Wario Ware DIY Review (short version)

Originally posted on I figure I'll need to refer to the game development steps later. A more complete review is at

The designers have selected a very clever set of instructions. These aren't the traditional game development algorithm set, but they do provide most of the capabilities desired. There are some instructions missing. Namely "Tap Screen" can use area parameter, and "Switch object" can use "Switch OTHER object". You can do a work-around the limitation, so those aren't strictly necessary, but the designers sure miss an easy way to define Hotspots, IMHO.

The package does provide all that a game designer needs. Namely, screen and objects, paint program, music program, storyboard (actually comic strip, but who's nit-picking?), and distribution channel. All you game designers wannabe, this is your chance to have your creation showcased to the world!

I managed to re-create my very first computer game (Cowboy shoots red dots) on the Amiga. The difference is, instead of 12 hours of work, on WarioWare DIY, it was only 1.5 hours, graphic included! Even though the options and animation are necessarily more limited, I daresay that the fun level is quite high! This is the natural result from the ever-increasing game speed as the play progressed. Granted, the design is fixed, and that is the hardest thing, but still, 1.5 hours! Including learning the package? I'm getting sick. I wish I had this "game" then!

My usual step is:
1. Idea (I use comic strip program provided)
2. Technical (Objects, AI, and programmer's art)
3. Presentation (Better graphics, color, animation)
4. Sound and Music (I use automatic music generation, and fiddle it a bit)
5. Playtesting (As a complete game)
6. Refinement (Trying out different ideas)

As you probably can tell, those steps are usually fielded by different hats. They are: Game Designer, Programmer, Artist, Musician, Play-tester, User (feedback). The really nice thing about this, is that you do not have to be everyone. Thanks to the sharing feature, you can choose to be an artist only, and draw graphics (Wario jobs). Or you can be a programmer (Advanced Dojo Skill). Or perhaps a game designer with great idea (comic strip as storyboard). Maybe you're just an avid gamer, and want to participate in game evaluation and give feedback? Friend code and Wii Showcase.

You can also use the sharing feature as a "Save" feature. I know I have modified a game several times, after I shipped it. Also, I have no hesitation to provide a game filled with programmer's art (colored boxes, really) knowing that somebody with a better artistic skill can put good graphics. Perhaps some comic book artist who don't know how to program, but want to put his characters in a game? Done!
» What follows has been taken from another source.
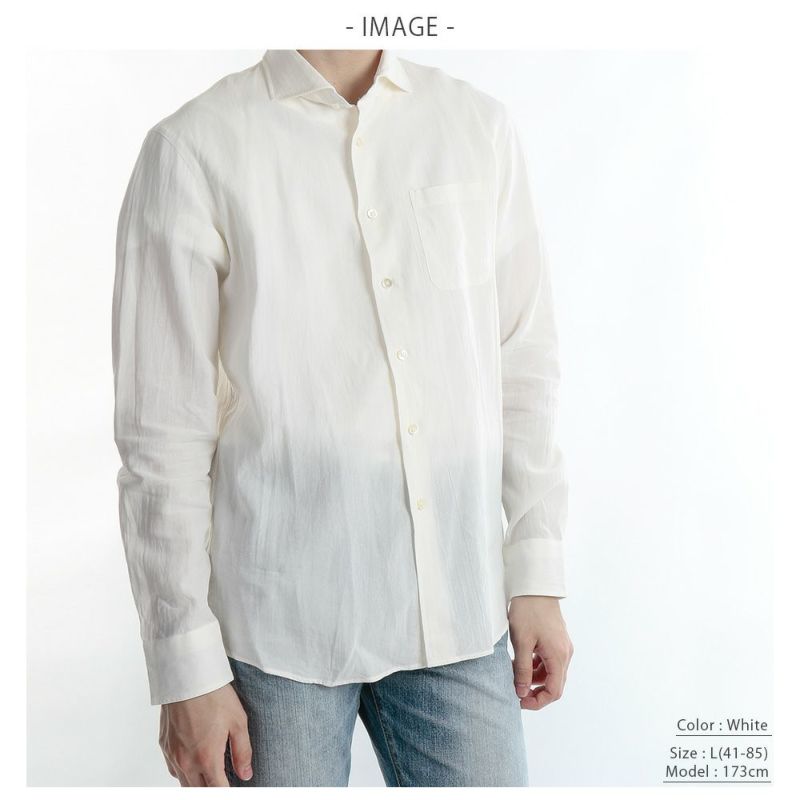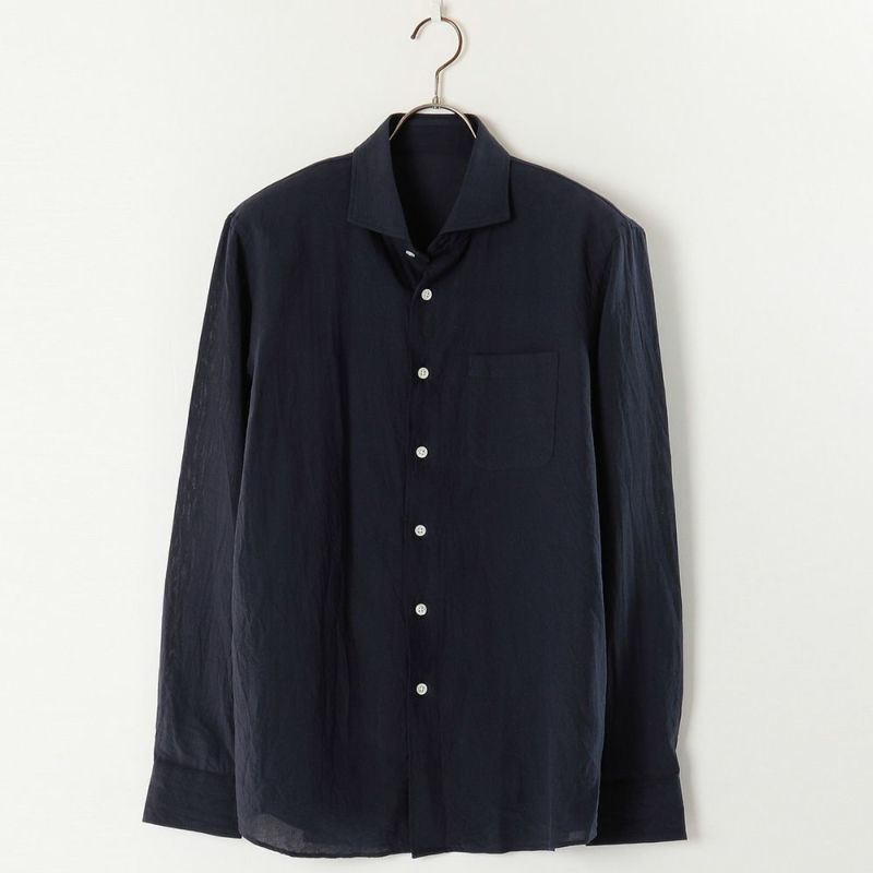 和紙繊維100% メンズ カジュアルシャツ 長袖 カッタウェイ ネイビー

More importantly, I think that this is a great program to share among friends. You are not limited to just games, after all. How about animated greeting cards? Or a Jack-in-a-Box surprise? Vocabulary builder type of games? Math skills? The sky is the limit.

In conclusion, this program is a very versatile, yet easy to use creativity program, limited only to your imagination. Its utility is far reaching, and yet another "must-have" in your Nintendo DS library. Sharing is highly encourage and that's a good thing.